INFORMATION PROVIDED:
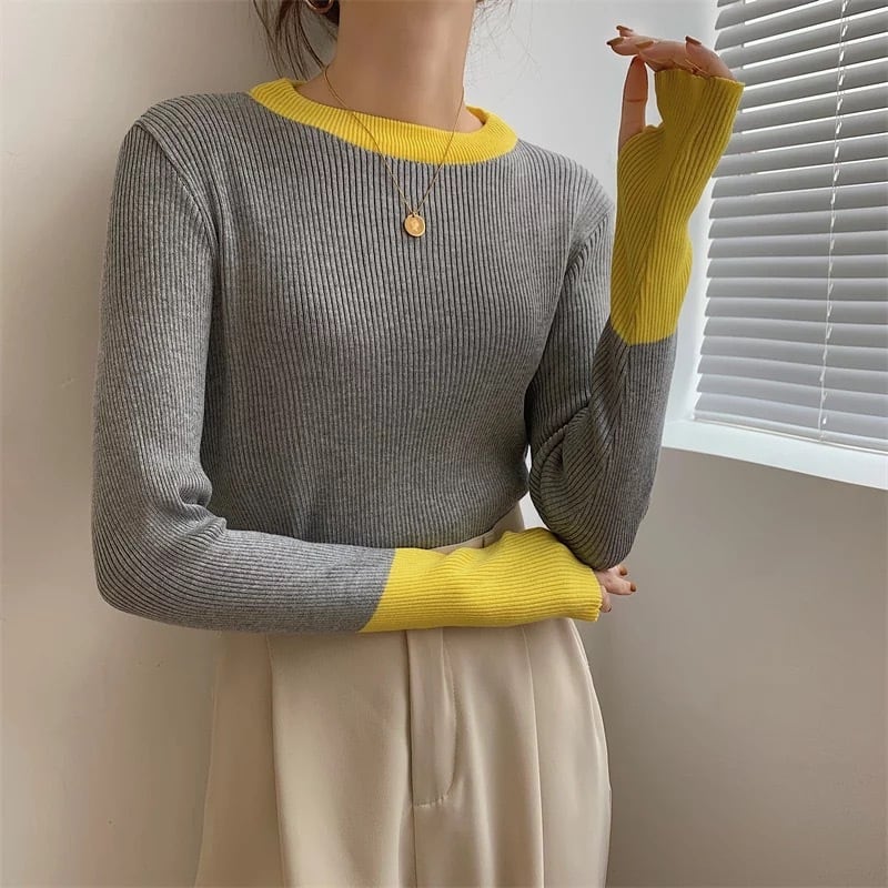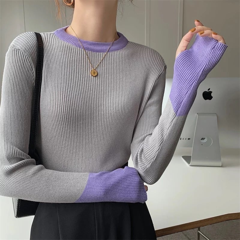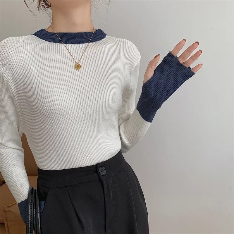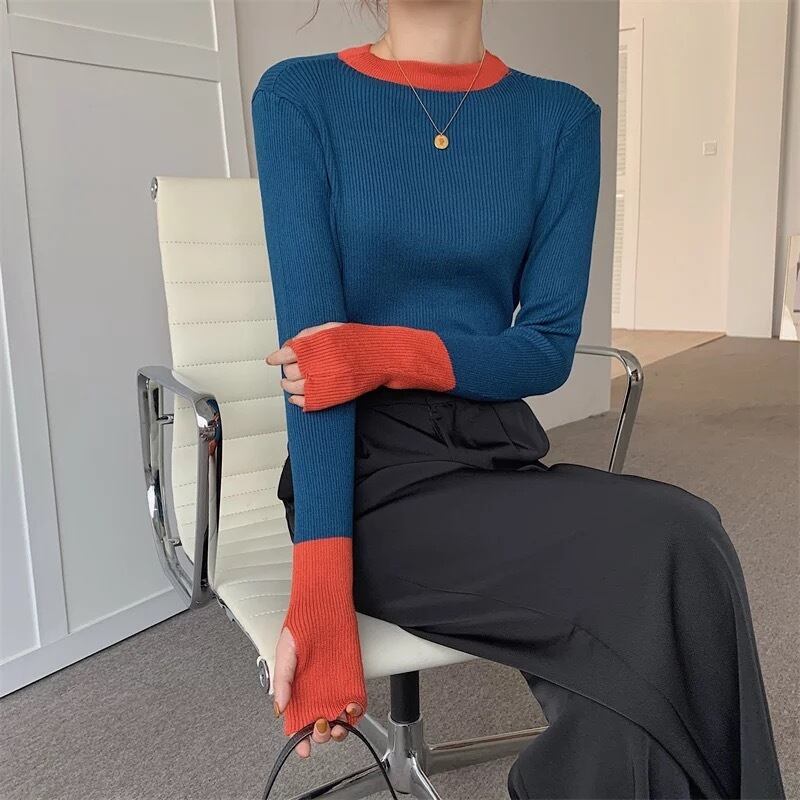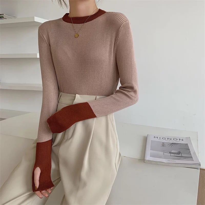 6color / バイカラーフィンガーホールニットトップス
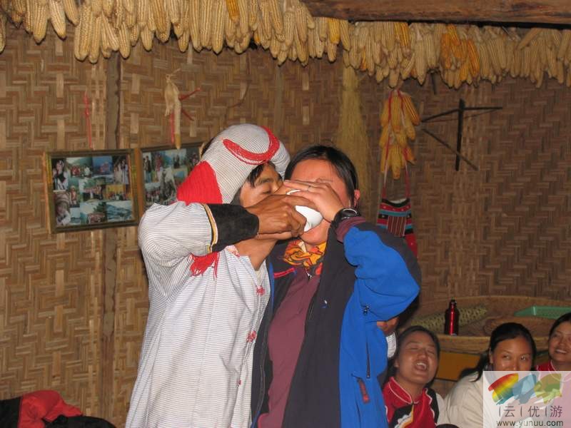 最有趣的莫过于“饮合杯酒”了。傈僳族称“伴多”,即两人共捧一大碗酒。这种饮法只有在大家酒兴最浓的时候才出现,而且总是由主人首先邀请。主客互相搂着脖子和肩膀,脸靠脸,然后一同张嘴,一口气饮完。于是酒从他们的嘴角,脸上淌下来,流到衣服上,而他们全然不顾。喝完了,互相对视,开怀大笑。合饮杯酒,只有在亲朋挚友或恋人之间进行,过去常常用于贵客来临、签定盟约、结拜兄弟的场合上,不分男女,两人共饮。一旦好客的傈僳族兄弟邀请你同他合饮杯酒,那就意味着他对你充满了信任,并愿同你建立诚挚的友谊。但是,晚辈人不能邀约长辈“伴多”,而且是长辈为晚辈人表示关心,对同辈人表示友好或者未婚男女相互爱慕才饮合杯酒。
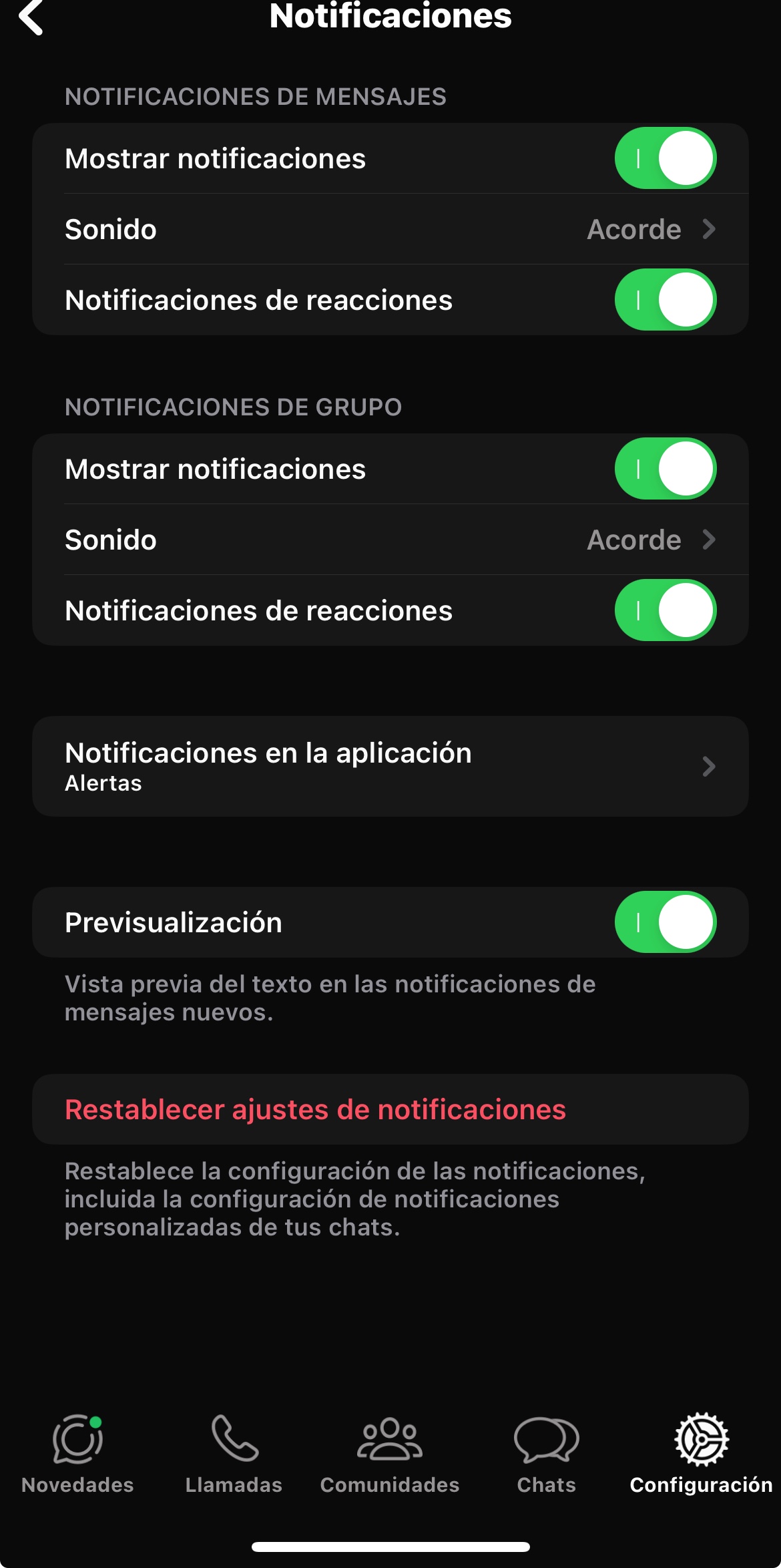 Mi esposa posee un iPhone 14 Pro con 128 GB de RAM, IOS 17.5.1. WhatsApp recibe los mensajes y provee notificaciones acústicas o en pantalla sólo cuando está abierto. Si está cerrado, aún corriendo en segundo plano, nada. Verifiqué que las notificaciones estuvieran activadas, que enfoque esté desactivado, desinstalé y reinstalé WhatsApp, reinstalé IOS desde una PC con Apple Devices, pero el problema persiste.

WORK INSTRUCTIONS: An exact copy of the listing is required, with every image removed.

RESULT BELOW:
 6color / バイカラーフィンガーホールニットトップス
 最有趣的莫过于“饮合杯酒”了。傈僳族称“伴多”,即两人共捧一大碗酒。这种饮法只有在大家酒兴最浓的时候才出现,而且总是由主人首先邀请。主客互相搂着脖子和肩膀,脸靠脸,然后一同张嘴,一口气饮完。于是酒从他们的嘴角,脸上淌下来,流到衣服上,而他们全然不顾。喝完了,互相对视,开怀大笑。合饮杯酒,只有在亲朋挚友或恋人之间进行,过去常常用于贵客来临、签定盟约、结拜兄弟的场合上,不分男女,两人共饮。一旦好客的傈僳族兄弟邀请你同他合饮杯酒,那就意味着他对你充满了信任,并愿同你建立诚挚的友谊。但是,晚辈人不能邀约长辈“伴多”,而且是长辈为晚辈人表示关心,对同辈人表示友好或者未婚男女相互爱慕才饮合杯酒。
 Mi esposa posee un iPhone 14 Pro con 128 GB de RAM, IOS 17.5.1. WhatsApp recibe los mensajes y provee notificaciones acústicas o en pantalla sólo cuando está abierto. Si está cerrado, aún corriendo en segundo plano, nada. Verifiqué que las notificaciones estuvieran activadas, que enfoque esté desactivado, desinstalé y reinstalé WhatsApp, reinstalé IOS desde una PC con Apple Devices, pero el problema persiste.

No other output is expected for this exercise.